Даже мое имя он не всегда произносил правильно.
– Почему ты хочешь с ней встретиться?
«У тебя же есть я», – хотелось мне добавить. Я знала, что это ребяческое рассуждение. Я вела себя как глупая сопливая четырехлетка в растянутой футболке.
– Я давно ее знаю, она много для меня значит.
Я уже не лежала у Эмиля на коленях. Я стояла возле элегантного стола работы Алвара Аалто – или на что там родители Эмиля выставили своих винтажных деревянных обезьянок – и почти перешла на крик:
– Если тебе так необходимо с ней увидеться, почему бы вам не сойтись снова?

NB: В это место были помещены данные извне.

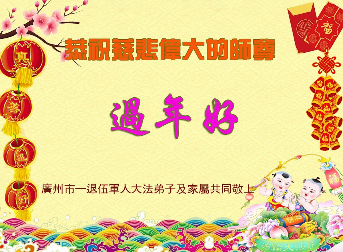 廣東省廣州市一退伍軍人大法弟子及其家屬敬祝慈悲偉大的師尊過年好!

И я убежала наверх. Если бы жизнь была фильмом, то на этом месте режиссер отрезал бы пленку. Но это был не фильм, так что мне пришлось громко рыдать, лежа в одиночестве на кровати – на кровати, где раньше лежала Нора, и, возможно, скоро будет лежать снова. Мне было так чудовищно больно. Безымянная боль терзала горло, глаза, грудь, кулаки, перед глазами стояла чернота. Каждое «нет», каждый отказ, каждая разлука, пережитые в прошлом, разливались по моему телу. Я не могла противиться. Мне просто не хватало сил. Разве может Эмиль любить девушку, которая неудержимо рыдает, распростершись на кровати? Избавь меня от этих нечеловеческих страданий, сказало бы мое тело, умей оно говорить. Но оно не умело. Эмиль не поднялся ко мне в комнату. Я слышала, как он включил телевизор. Может, мне просто показалось, но звуки напоминали интро к датскому сериалу «Матадор».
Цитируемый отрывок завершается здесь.